"Youth is when you're allowed to stay up late on New Year's Eve.
Middle age is when you're forced to."
Well my Bloggerites, it's that time of year again. Time to be making New Year's resolutions and looking to the future, however, I thought it might be more entertaining to look at my last year's resolutions and see how well I did.......Ready? Here we go......
1) I am not going to dread meeting with the CPA. SUCCESS
Yep, thats right......for the first time in many years.....well.....for the first time EVER, Mr. Stein did not scare the bageebees out of me each time he called or emailed me. My blood pressure remained under 160/120 each time I heard from him. Thanks for not scaring me, Chuck!!!
2) I Will Stop Driving My Car With My Knees. FAILURE
There are times when it is simply necessary to drive the car with your knees....you know, like when you need to eat or hook up your iPod or smack Chuck for saying you have a "bald spot".....
3) I Will Think of a Password Other than "Password". SUCCESS
My new password is I DONT KNOW. No one will ever think of that....
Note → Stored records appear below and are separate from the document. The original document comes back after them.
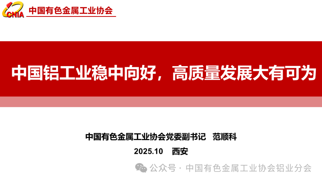 10月29日上午,2025年中国国际铝业周在陕西西安开幕,中国有色金属工业协会党委副书记范顺科出席开幕式并作题为《中国铝工业稳中向好,高质量发展大有可为》的主旨报告。全文如下。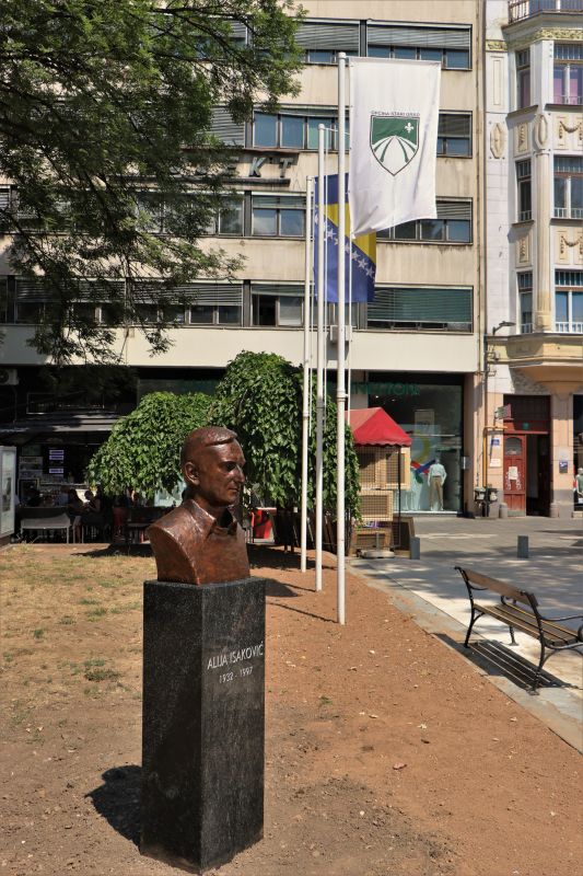 Trg oslobođenja-Alija Izetbegović od danas krasi bista još jednog velikana bosanskohercegovačke književnosti – utemeljitelja moderne bosanske jezičke kulture i jednog od najznačajnijih bošnjačkih intelektualaca Alije Isakovića.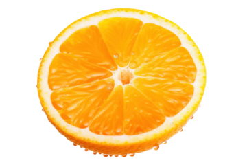 A close-up of a freshly cut orange showing the juicy interior and rich color, isolated on white background

4) I Will Stop Taking My Shoe Off and Beating the Printer When It Doesn't Work Right. SUCCESS
I have joined a Blogger-Anonymous group called "Shoe-Beating Stuff That Doesn't Work". Also, my father was kind enough to replace the last printer I beat with my shoe the year before. Unfortunately, this resolution did not apply to overhead projectors........
5) I Will Replace Murphy's Senator McCain Doll With A Barack Obama Doll. FAILURE.
I couldn't locate an Obama doll that Murphy was interested in, so he got a pink monkey called Myrtle instead.
6) I Resolve To Stop Hiding Around the Corner and Going "BOO" When Chuck Comes Out of the Bathroom....SUCCESS...sordof
Does it count that I've really cut down on how many times I do this to him??
7) I Will Stop Using the Jake Brakes on the Motorhome Just To Scare the People in Front of Me. FAILURE
This is simply too much fun to do......
8) Speaking of Brakes, I Resolve to Stop Slamming On The Brakes When Chuck Falls Asleep on the Back of the Motorcycle. SUCCESS
I have installed a seat belt instead.
9) I Resolve Not To Use My Taser on a Loved One...Unless They Tick Me Off.....SUCCESS
This is only a success cause I used my taser too much and it broke.
10) I Will Find Chuck A New Hearing Aid This Year. FAILURE
I've just learned to yell louder, speak lower and automatically repeat everything I say....repeat everything I say.
I think I did pretty good!!!
"May all your troubles last as long as your New Year's resolutions!"